# Goal of the exercise:
Set down each line of the material that follows exactly, and leave its pictures out.

# Recorded data:

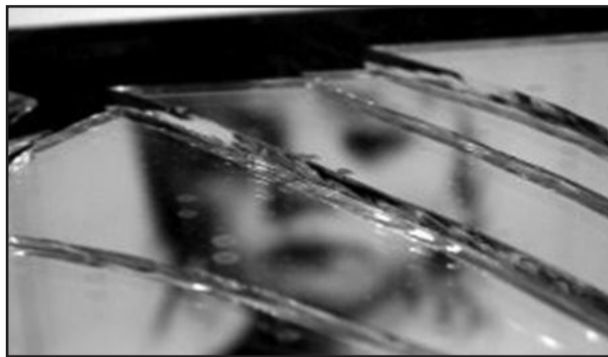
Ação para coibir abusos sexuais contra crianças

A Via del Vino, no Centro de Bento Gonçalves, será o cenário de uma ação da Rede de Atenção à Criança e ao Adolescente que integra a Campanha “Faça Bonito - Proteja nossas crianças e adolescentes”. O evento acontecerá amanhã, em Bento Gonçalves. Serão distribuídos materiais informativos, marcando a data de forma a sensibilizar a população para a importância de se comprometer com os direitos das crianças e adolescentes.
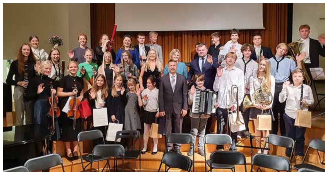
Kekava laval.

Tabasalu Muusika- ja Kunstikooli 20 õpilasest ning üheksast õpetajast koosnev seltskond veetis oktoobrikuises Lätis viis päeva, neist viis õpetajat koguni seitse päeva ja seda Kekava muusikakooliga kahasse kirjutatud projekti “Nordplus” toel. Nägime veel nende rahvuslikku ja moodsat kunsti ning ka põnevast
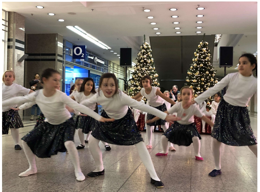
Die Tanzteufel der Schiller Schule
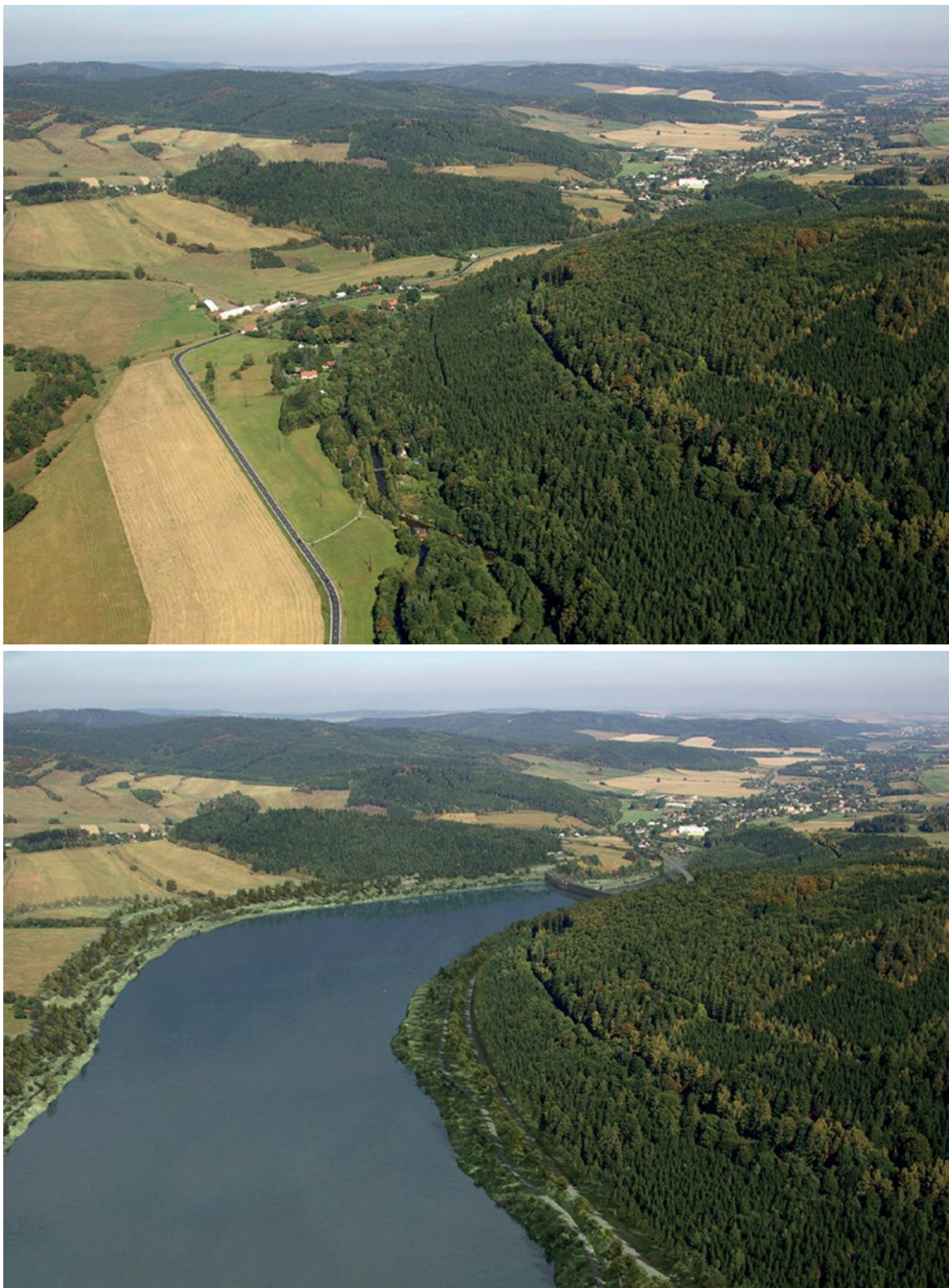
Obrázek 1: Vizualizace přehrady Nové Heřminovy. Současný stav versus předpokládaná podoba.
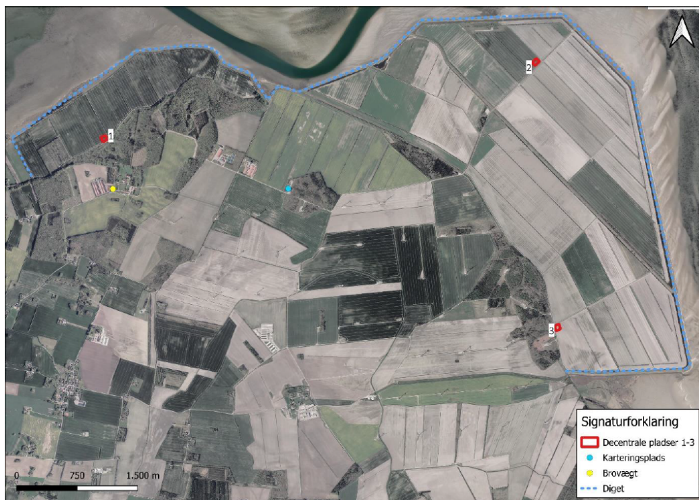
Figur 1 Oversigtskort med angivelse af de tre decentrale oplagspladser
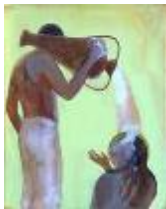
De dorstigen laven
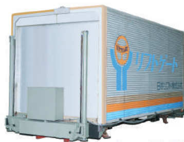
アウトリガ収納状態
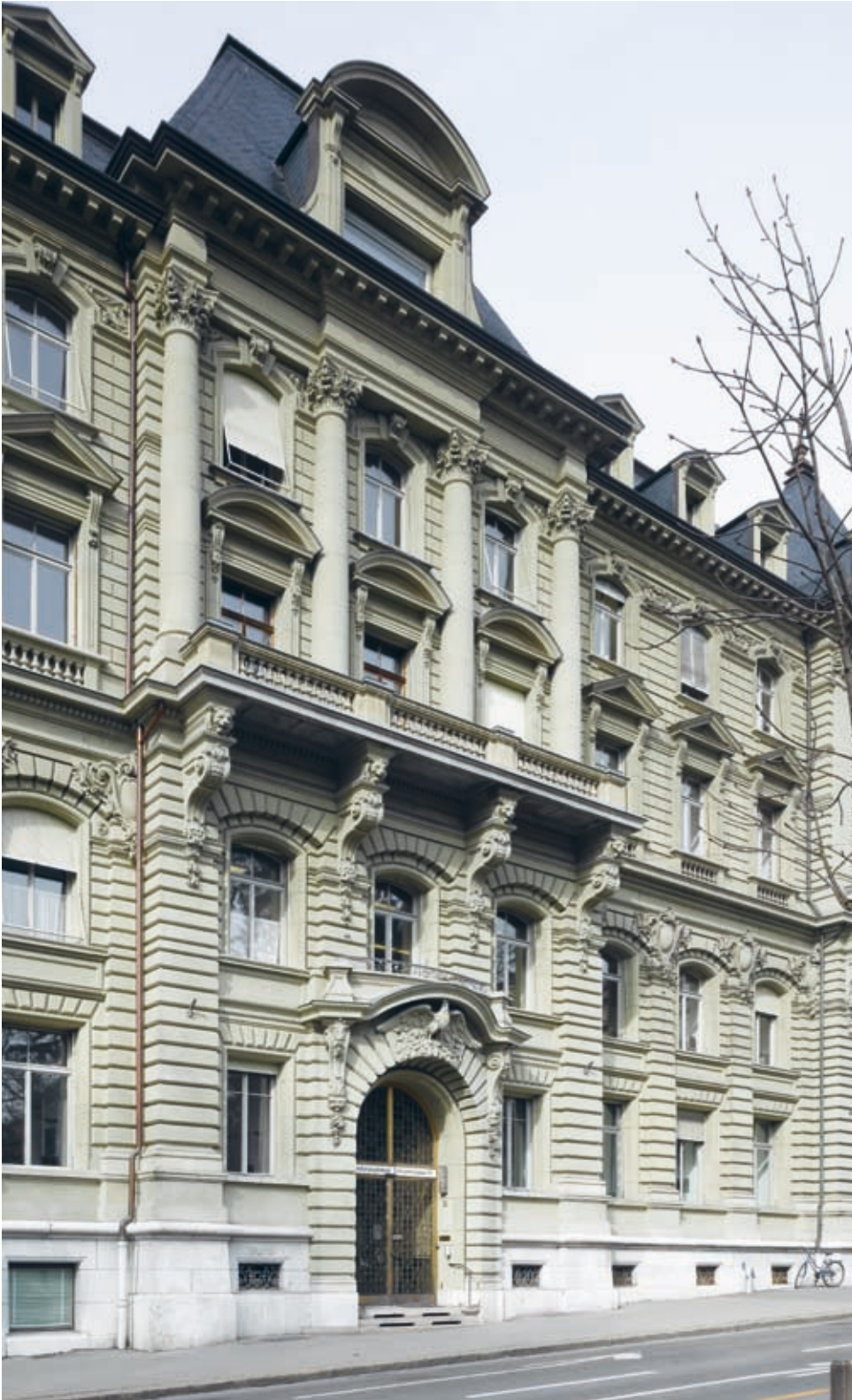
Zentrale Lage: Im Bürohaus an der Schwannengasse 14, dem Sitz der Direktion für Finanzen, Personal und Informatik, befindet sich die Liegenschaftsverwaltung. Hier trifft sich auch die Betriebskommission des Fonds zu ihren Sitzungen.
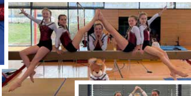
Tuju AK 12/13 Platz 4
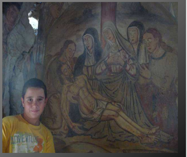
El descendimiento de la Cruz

# Output below:
Ação para coibir abusos sexuais contra crianças

A Via del Vino, no Centro de Bento Gonçalves, será o cenário de uma ação da Rede de Atenção à Criança e ao Adolescente que integra a Campanha “Faça Bonito - Proteja nossas crianças e adolescentes”. O evento acontecerá amanhã, em Bento Gonçalves. Serão distribuídos materiais informativos, marcando a data de forma a sensibilizar a população para a importância de se comprometer com os direitos das crianças e adolescentes.
Kekava laval.

Tabasalu Muusika- ja Kunstikooli 20 õpilasest ning üheksast õpetajast koosnev seltskond veetis oktoobrikuises Lätis viis päeva, neist viis õpetajat koguni seitse päeva ja seda Kekava muusikakooliga kahasse kirjutatud projekti “Nordplus” toel. Nägime veel nende rahvuslikku ja moodsat kunsti ning ka põnevast
Die Tanzteufel der Schiller Schule
Obrázek 1: Vizualizace přehrady Nové Heřminovy. Současný stav versus předpokládaná podoba.
Figur 1 Oversigtskort med angivelse af de tre decentrale oplagspladser
De dorstigen laven
アウトリガ収納状態
Zentrale Lage: Im Bürohaus an der Schwannengasse 14, dem Sitz der Direktion für Finanzen, Personal und Informatik, befindet sich die Liegenschaftsverwaltung. Hier trifft sich auch die Betriebskommission des Fonds zu ihren Sitzungen.
Tuju AK 12/13 Platz 4
El descendimiento de la Cruz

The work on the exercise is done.